(Exercise)
Apart from the pictures, every entry must be retyped exactly.

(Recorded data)
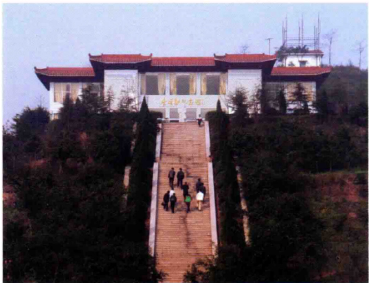
◆李硕勋纪念馆远景

李硕勋（1903—1931），又名李陶，1903年2月23日生于四川省庆符县（现为高县）。早年从事革命活动，1924年在上海大学加入中国共产党。1925年五卅运动期间，积极投身于上海街头的反帝爱国斗争，被选为上海学生联合会代表和全国学生联合会会长，同时他还以学生代表的身分参加领导了上海工商学联合会（中共领导下的统一战线组织）的工作。1925年至1926年，先后主持召开了第七届、第八届全国学生代表大会，还被选为上海反帝大同盟主席。1926年冬受党派遭到武汉，担任过中共武昌地委组织部部长、共青团湖北省委书记，不久又被派到国民革命军第4军第25师任政治部主任。1927年春率师主力之一部继续北伐，在河南上蔡战役大败奉军，后又回师武汉，参与平定夏斗寅叛乱。7月参加东下讨蒋。8月1日参加南昌起义，被任命为第11军第25师党代表兼政治部主任。后随起义部队南下广东，途中曾参与指挥会昌战役并取得胜利。同年10月受朱德委派，赴上海向党中央请示工作，被党中央留在上海从事党的白区工作。1928年4月被党中央派到武汉工作，因被敌人注意旋返上海，改任中共江苏省委秘书长。同年夏秋又到杭州，任中共浙江省委常委、省军委书记，后又任省委代理书记。1929年春再回上海，任中共沪西区区委书记。同年秋改任中共江苏省军委书记，和省委书记李维汉一起领导江苏的武装斗争，发动和领导了苏北的农民起义。
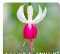
エンジェルス・イヤリング ®
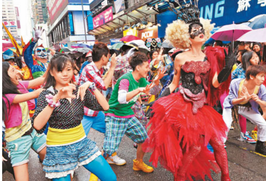
2日，香港海洋公園為萬聖節主題活動宣傳造勢，市民加入「群鬼」勁舞團一起勁歌熱舞。

香港文匯報訊(記者唐苗苗、通訊員鄧韻珊 廣州報道)3日國慶黃金周進入第三天，記者從廣州市各大旅行社了解到，國慶期間廣東出境遊線團隊已基本全部出發，僅剩東南亞及海島包機的部分團隊作最後一波出遊，而省內遊、港澳遊等短途遊一如預期，迎來了延後出現的出遊高峰，當天僅南湖國旅的省內遊及港澳遊的出遊人數就超過2.4萬人次。
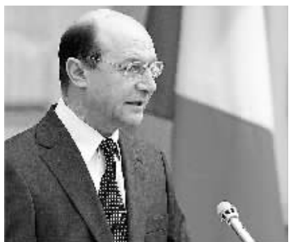
4月12日,罗马尼亚总统伯塞斯库表示,如果议会通过弹劾总统议案,他将立即宣布辞职。这是2007年4月5日拍摄的罗总统伯塞斯库的资料照片。

这家报纸援引马利基的话报道说:“我相信,韩国驻伊部队将从下月开始削减,在不久的将来开始全面撤军。”
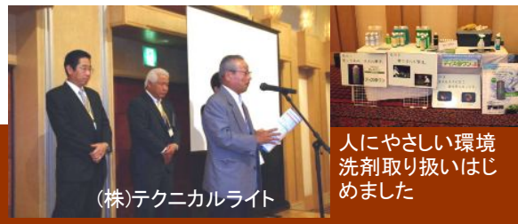
(株)テクニカルライト
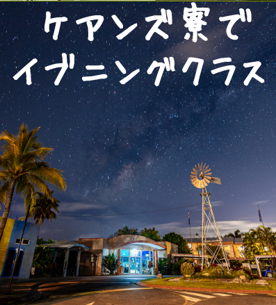
ケアンズ寮でイブニングクラス
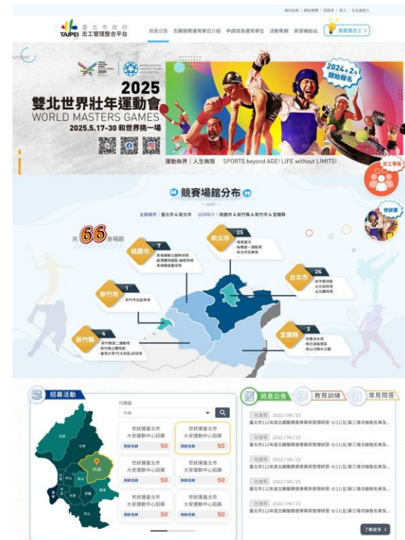
臺北市志工管理整合平台
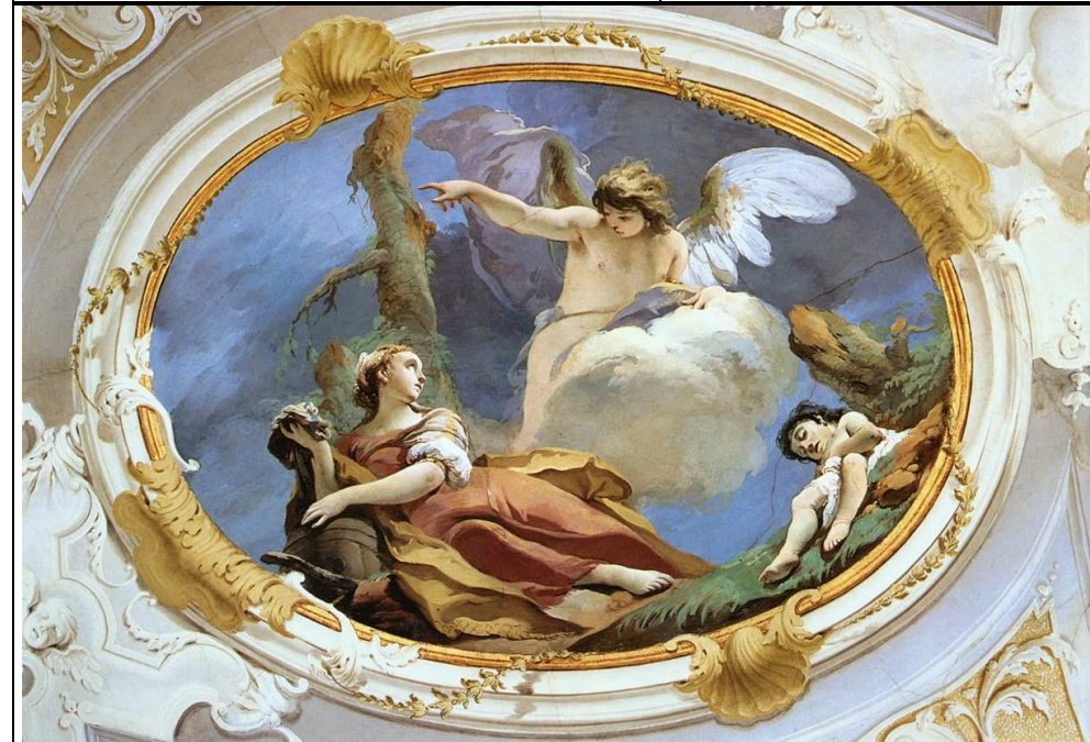
Giovanni Battista Tiepolo, Hagar in der Wüste (1726-29), Bischofspalast in Udine

St. Martin - St. Jodok Hl. Blut - St. Peter und Paul
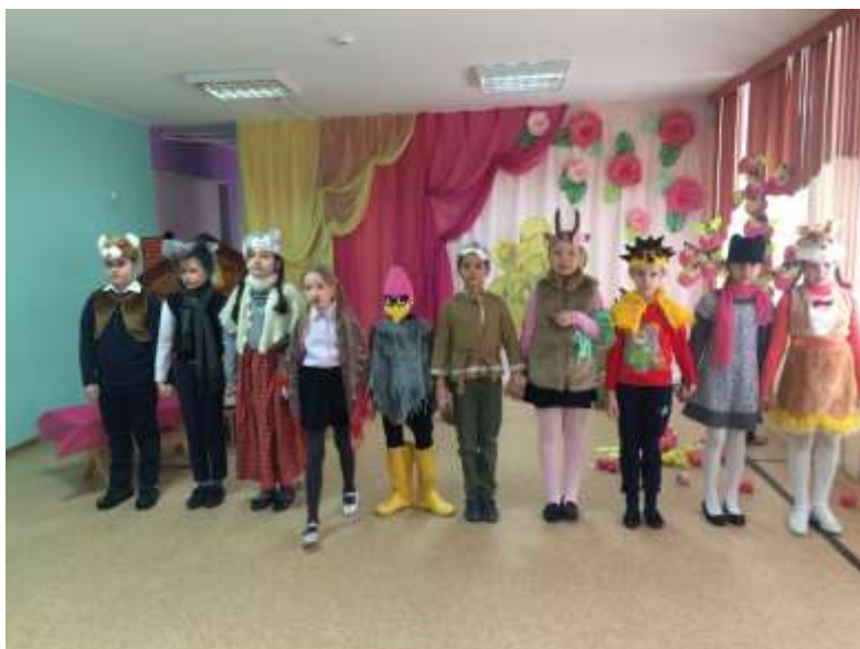
Спектакль «Мешок яблок» В. Сутеева. Представление в ЦГПВМ Г. Гаджиево
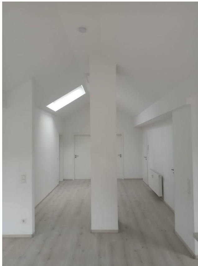
Eingangs- und Dielenbereich
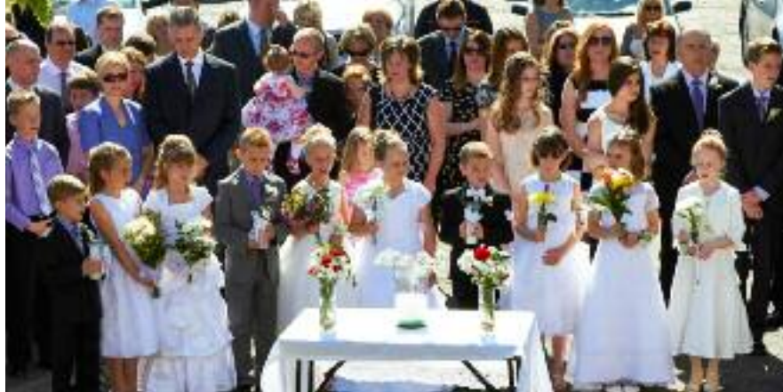
Prvoobhajanci pri župniji Sv. Gregorija Velikega

(Task response)
◆李硕勋纪念馆远景

李硕勋（1903—1931），又名李陶，1903年2月23日生于四川省庆符县（现为高县）。早年从事革命活动，1924年在上海大学加入中国共产党。1925年五卅运动期间，积极投身于上海街头的反帝爱国斗争，被选为上海学生联合会代表和全国学生联合会会长，同时他还以学生代表的身分参加领导了上海工商学联合会（中共领导下的统一战线组织）的工作。1925年至1926年，先后主持召开了第七届、第八届全国学生代表大会，还被选为上海反帝大同盟主席。1926年冬受党派遭到武汉，担任过中共武昌地委组织部部长、共青团湖北省委书记，不久又被派到国民革命军第4军第25师任政治部主任。1927年春率师主力之一部继续北伐，在河南上蔡战役大败奉军，后又回师武汉，参与平定夏斗寅叛乱。7月参加东下讨蒋。8月1日参加南昌起义，被任命为第11军第25师党代表兼政治部主任。后随起义部队南下广东，途中曾参与指挥会昌战役并取得胜利。同年10月受朱德委派，赴上海向党中央请示工作，被党中央留在上海从事党的白区工作。1928年4月被党中央派到武汉工作，因被敌人注意旋返上海，改任中共江苏省委秘书长。同年夏秋又到杭州，任中共浙江省委常委、省军委书记，后又任省委代理书记。1929年春再回上海，任中共沪西区区委书记。同年秋改任中共江苏省军委书记，和省委书记李维汉一起领导江苏的武装斗争，发动和领导了苏北的农民起义。
エンジェルス・イヤリング ®
2日，香港海洋公園為萬聖節主題活動宣傳造勢，市民加入「群鬼」勁舞團一起勁歌熱舞。

香港文匯報訊(記者唐苗苗、通訊員鄧韻珊 廣州報道)3日國慶黃金周進入第三天，記者從廣州市各大旅行社了解到，國慶期間廣東出境遊線團隊已基本全部出發，僅剩東南亞及海島包機的部分團隊作最後一波出遊，而省內遊、港澳遊等短途遊一如預期，迎來了延後出現的出遊高峰，當天僅南湖國旅的省內遊及港澳遊的出遊人數就超過2.4萬人次。
4月12日,罗马尼亚总统伯塞斯库表示,如果议会通过弹劾总统议案,他将立即宣布辞职。这是2007年4月5日拍摄的罗总统伯塞斯库的资料照片。

这家报纸援引马利基的话报道说:“我相信,韩国驻伊部队将从下月开始削减,在不久的将来开始全面撤军。”
(株)テクニカルライト
ケアンズ寮でイブニングクラス
臺北市志工管理整合平台
Giovanni Battista Tiepolo, Hagar in der Wüste (1726-29), Bischofspalast in Udine

St. Martin - St. Jodok Hl. Blut - St. Peter und Paul
Спектакль «Мешок яблок» В. Сутеева. Представление в ЦГПВМ Г. Гаджиево
Eingangs- und Dielenbereich
Prvoobhajanci pri župniji Sv. Gregorija Velikega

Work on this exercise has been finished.